Iron ore, the primary ingredient for steel production, fell to less than 2.9 million tons last year, down 39 percent from 2008, according to year-end statistics released by the Toledo-Lucas County Port Authority. Total cargo tonnage was off by nearly 1 million tons, from nearly 11 million tons in 2008 to about 10 million tons last year.
Only nine oceangoing vessels visited the Toledo docks during the year, the lowest count since 1947, a dozen years before the St. Lawrence Seaway opened.
As recently as 1989, 100 or more so-called salty visits per year were the norm in Toledo, but the last year for that amount was 1994, when 116 salty dockings were logged.
The drop from 38 salties in 2007 to 22 the next year and nine last year was a result of lower steel imports throughout the Great Lakes, said Joe Cappel, the port authority's senior manager of seaport business development.
That also meant fewer ships in the system to handle outbound cargo, such as grain, Mr.
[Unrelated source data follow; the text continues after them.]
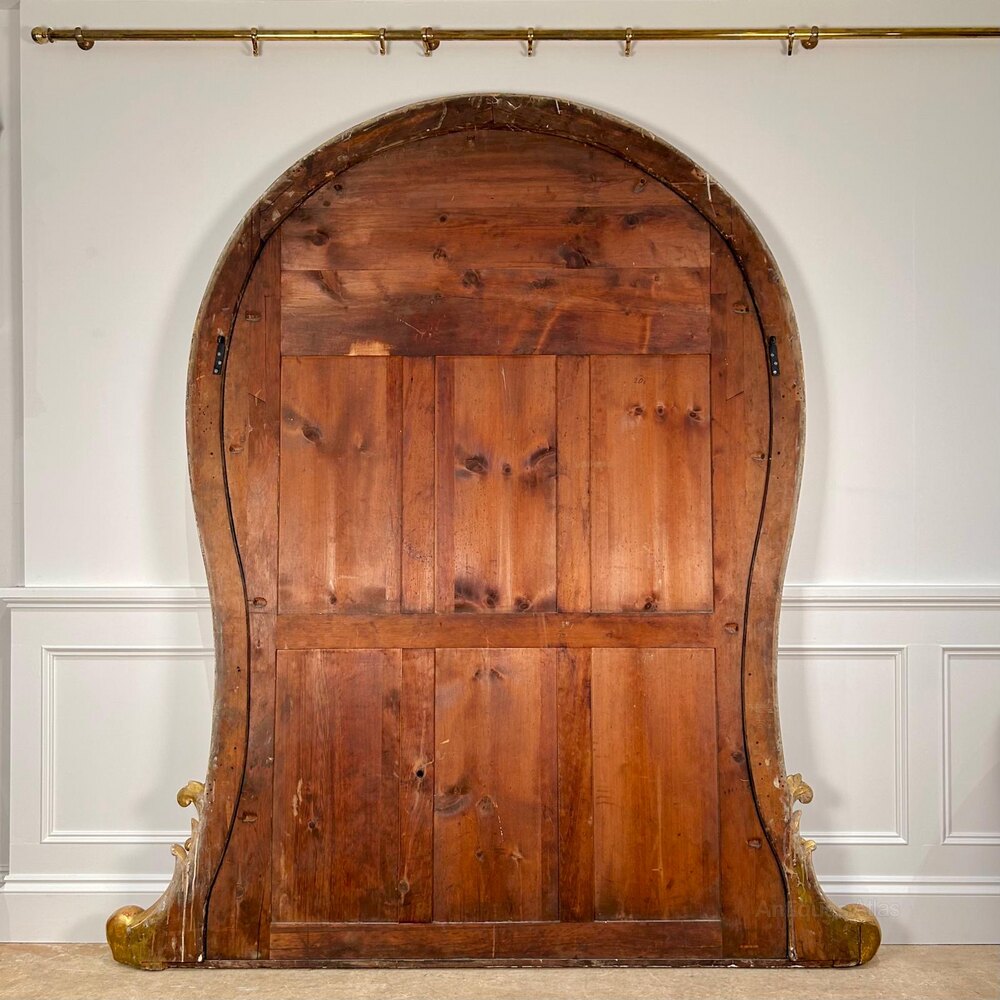 A very large William IV giltwood mirror, retaining the beautifully burnished water gilding and panelled back. Having the original sparkling mercury plate glass with minor foxing and good clear. reflection . The heavily moulded shape frame with bold acanthus scrolled carving. Lovely untouched condition throughout. English, Circa 1830.
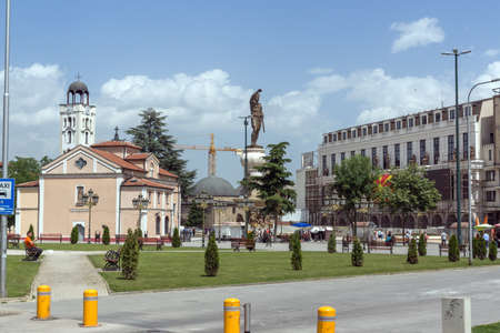 SKOPJE, NORTH MACEDONIA - AUGUST 7, 2019 : City center of Skopje with sculptures and buildings. Skopje is capital city of Macedonia, Fyrom.
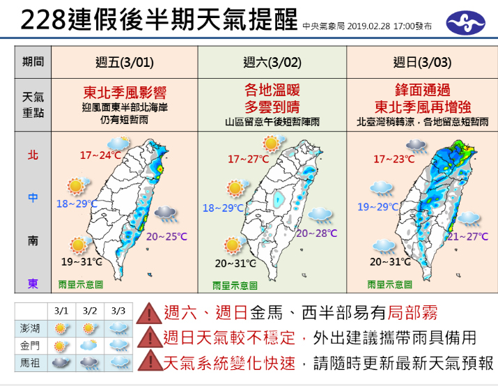 天氣逐漸好轉!今(1)日雖然水氣減少,但受東北季風影響,北部及東北部天氣較涼,而臺灣東半部及北部地區有局部短暫雨,其他地區及澎湖、金門、馬祖為多雲到晴的天氣,明(2)日東北季風減弱,好天氣將更適合228連假出遊,而週日(3日)隨著連假結束,也宣告溫暖天氣結束。
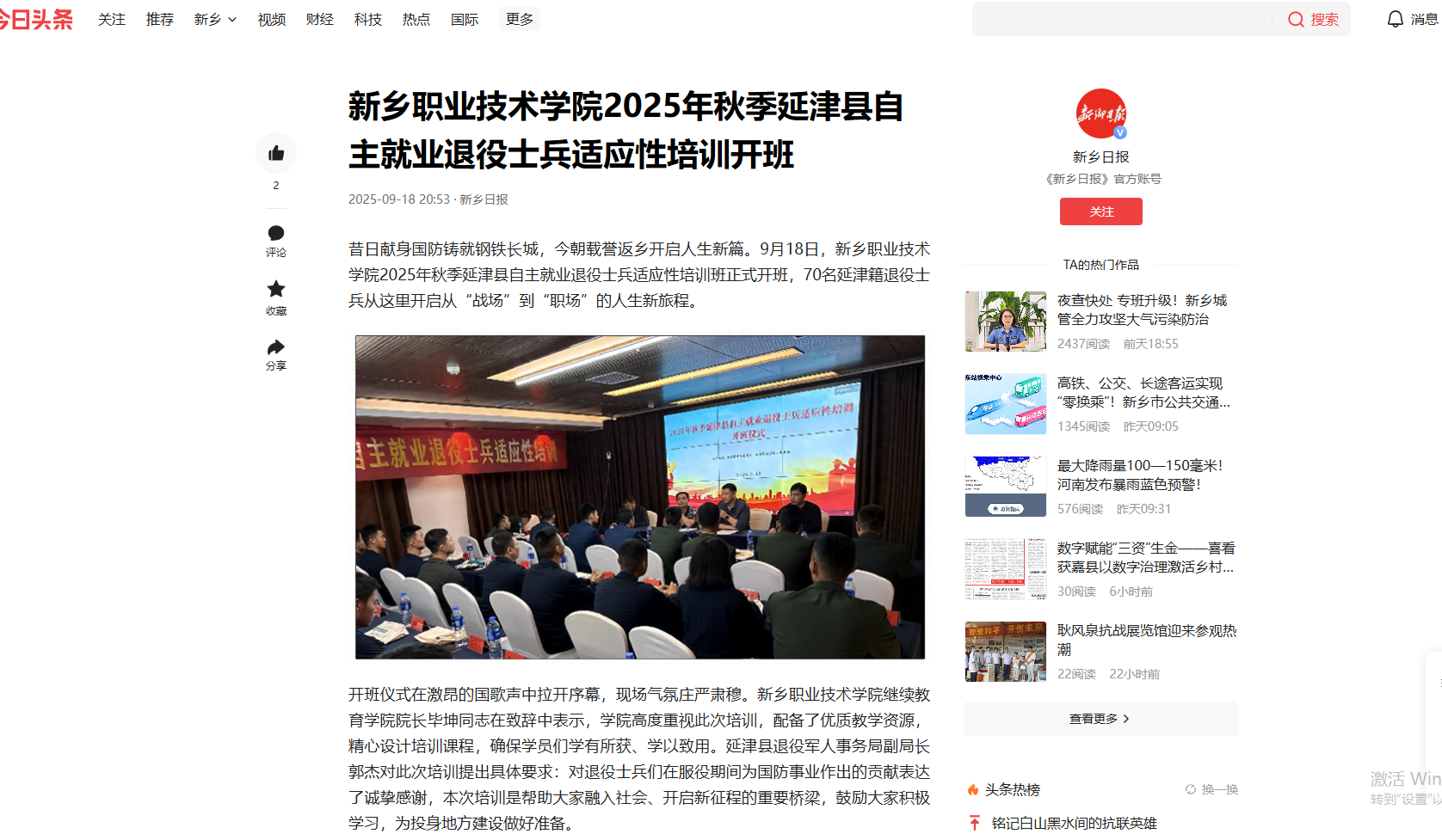 【今日新闻】新乡职业技术学院2025年秋季延津县自主就业退役士兵适应性培训开班
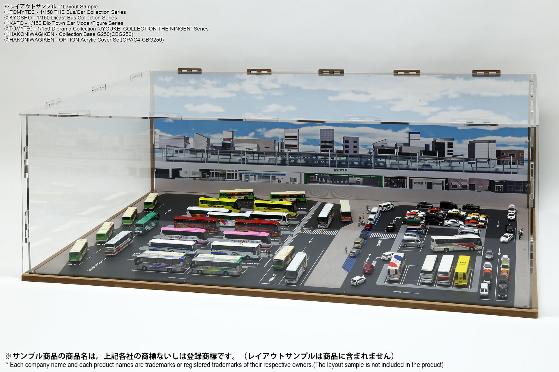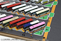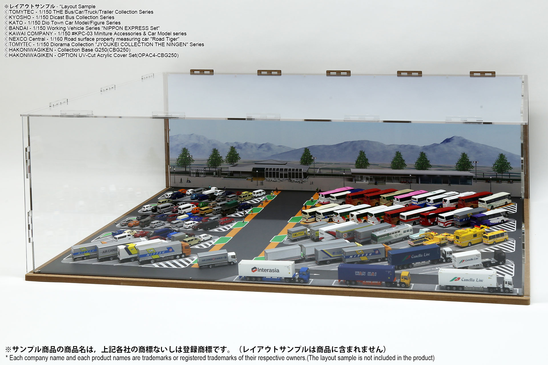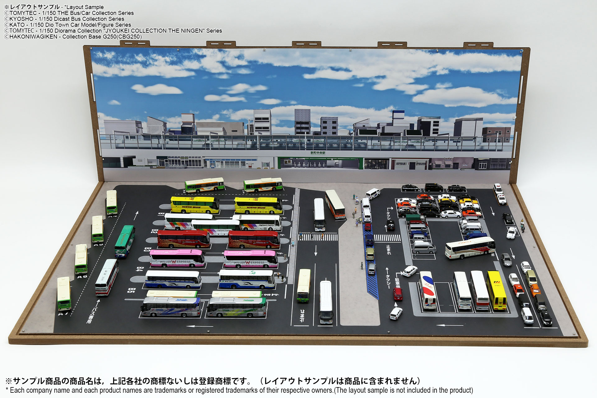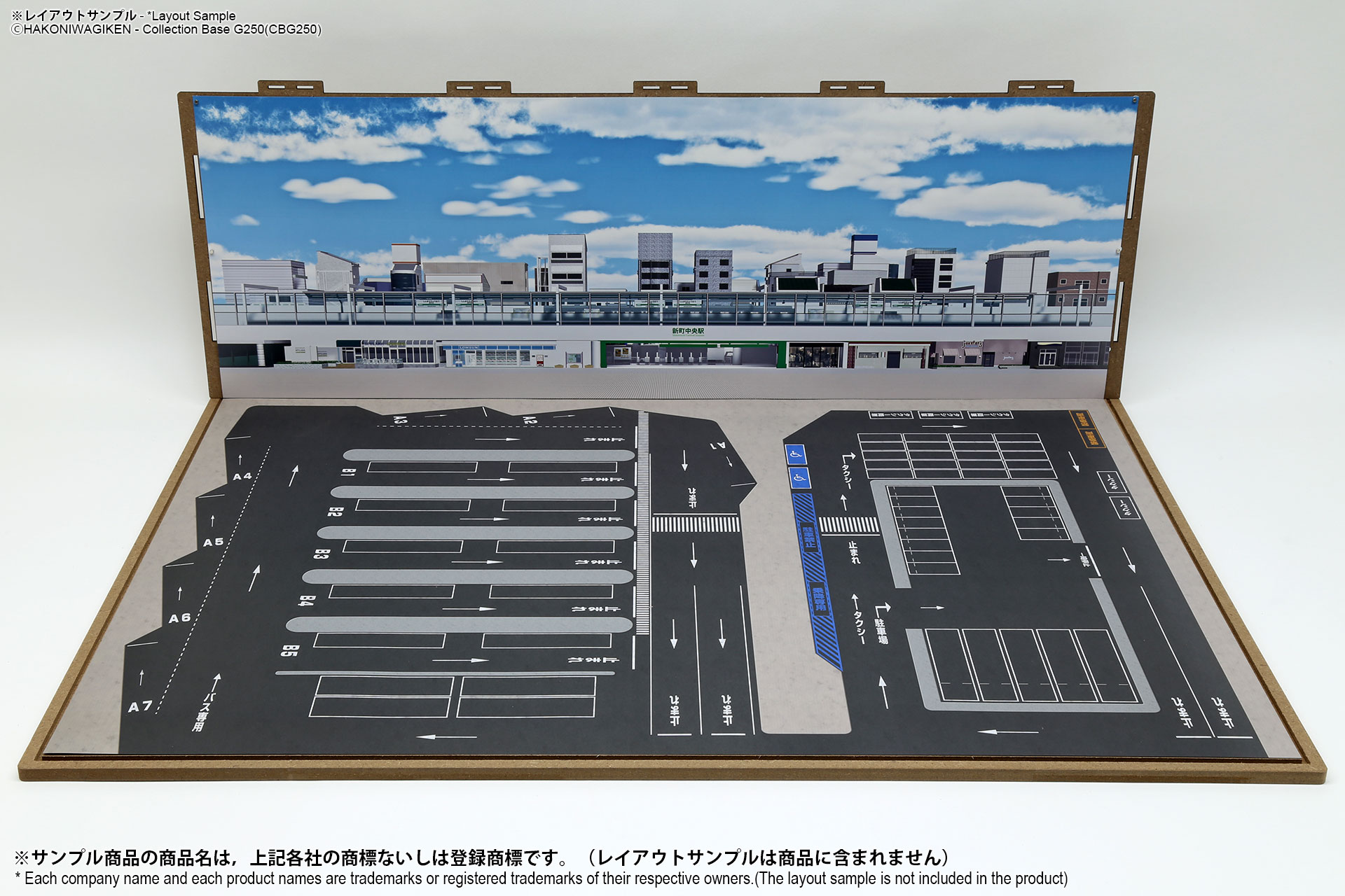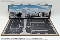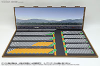 ベース表面は駅前ターミナル、ベース裏面はSA/PAの2パターンが印刷されたHGタイプのシート1枚と、前後2パターンの厚口マットコート紙タイプの背景シート4パターンが付属した1/150スケール対応のジオラマシートG250タイプです。ベースシートと背景シートの組み合わせで、4パターンからお好みで選んでご利用いただけます。ベースシートは耐久性向上と反射防止効果を備えたマットPPコーティングのHGタイプを採用しております。専用のコレクションベースG250に対応しますが、シート単独でもご自分で背景シートを固定することでご利用可能です。 |
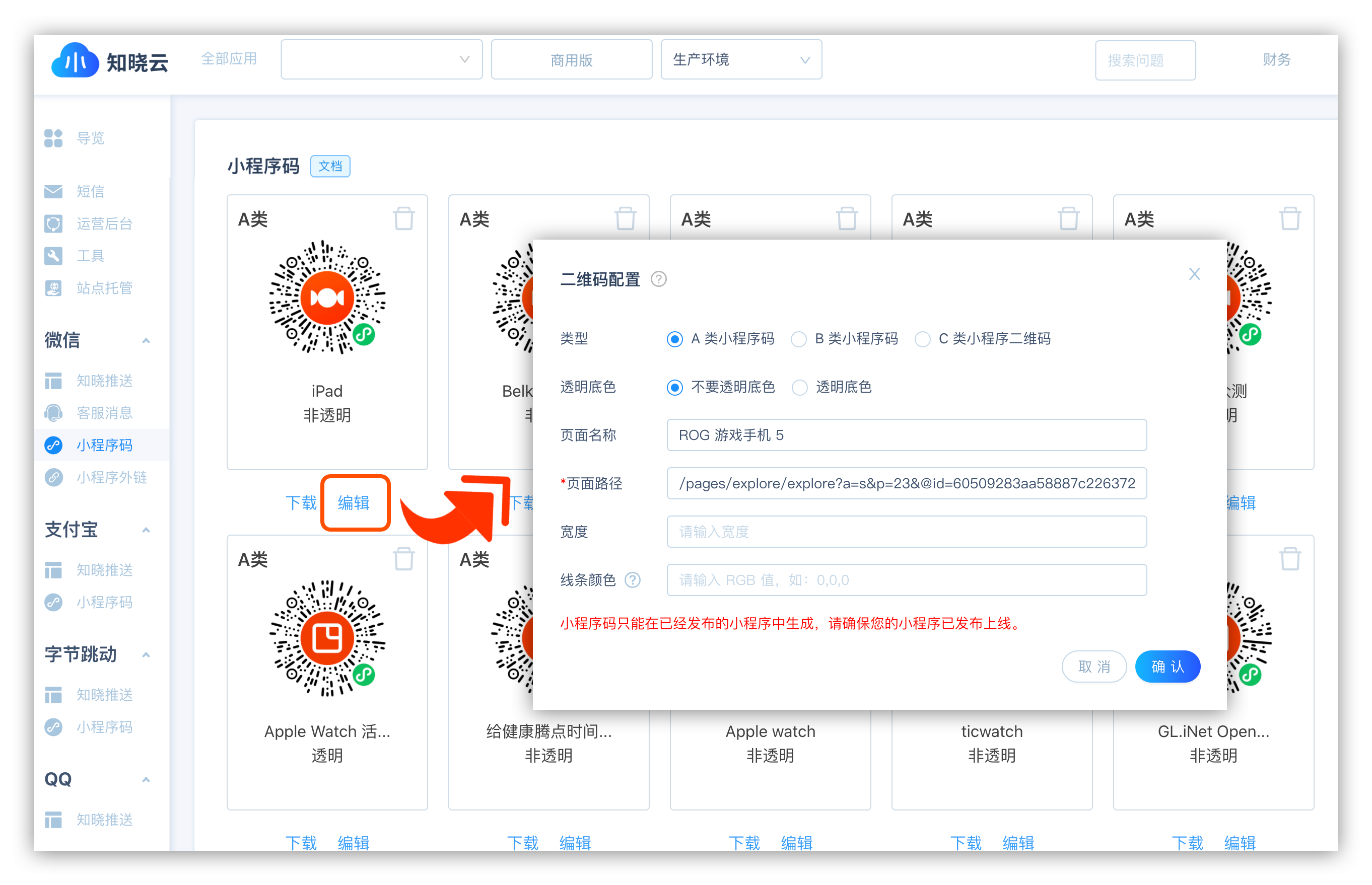 3、小程序码增加下载按钮,方便运营人员下载已经设置好的小程序码。小程序码支持自定义设置页面名称、页面路径、样式,以便用户快速访问指定页面,用户留存与转化更有效。

Cappel said. But grain rebounded locally from a "dismal" 2008, he said, thanks both to Kraft Foods' full-year operation of a new marine terminal at its flour mill on Front Street in East Toledo and to higher volume at Maumee River elevators.
Mr. Cappel and Seaport Director Warren McCrimmon both were optimistic about a port rebound during 2010.
"Some of our terminals are bullish on the coming season," Mr. McCrimmon said, naming the Kraft facility and Kuhlman Corp., which receives construction materials by water.
Mr. Cappel, meanwhile, said the installation this year of cranes at the port-owned docks should be a boon to business.
"We're going to be out marketing our new equipment this winter to potential shippers," the business development manager said. "We hope that gives us a leg up on the competition."
Last year, general cargo business at the port-owned international cargo docks fell 42.2 percent, mostly because of steel's decline. It was kept from falling further by aluminum traffic attributable to Toledo having gained a listing as a London Metals Exchange delivery point.
Petroleum and general cargo also were down, while coal and dry-bulk freight increased last year.
While much of the drop in iron ore resulted from the end of "trans-shipment" cargo at the port-owned international cargo docks, last year's iron-ore volume also was nearly 1 million ton lower than in 2006, the year before such intermediate-destination shipments began.
Reduced iron-ore shipments last year were reflective of the domestic steel industry's lowered production, especially during the first half of 2009.
A significant portion of the U.S. lake-freighter fleet remained idle well into the year, including several vessels that were parked at Toledo wharves until late summer or early fall.
The trans-shipment cargo involved pelletized iron ore brought to Toledo from Minnesota in 1,000-foot lakers, emptied onto the dock, and reloaded into St. Lawrence Seaway-size ships. It was forwarded to the St. Lawrence River, where the ore was transferred once again into ocean freighters.
The unusual cargo movement was supported by robust demand from Chinese steelmakers for imported ore during a massive construction boom in that country during 2007 and 2008.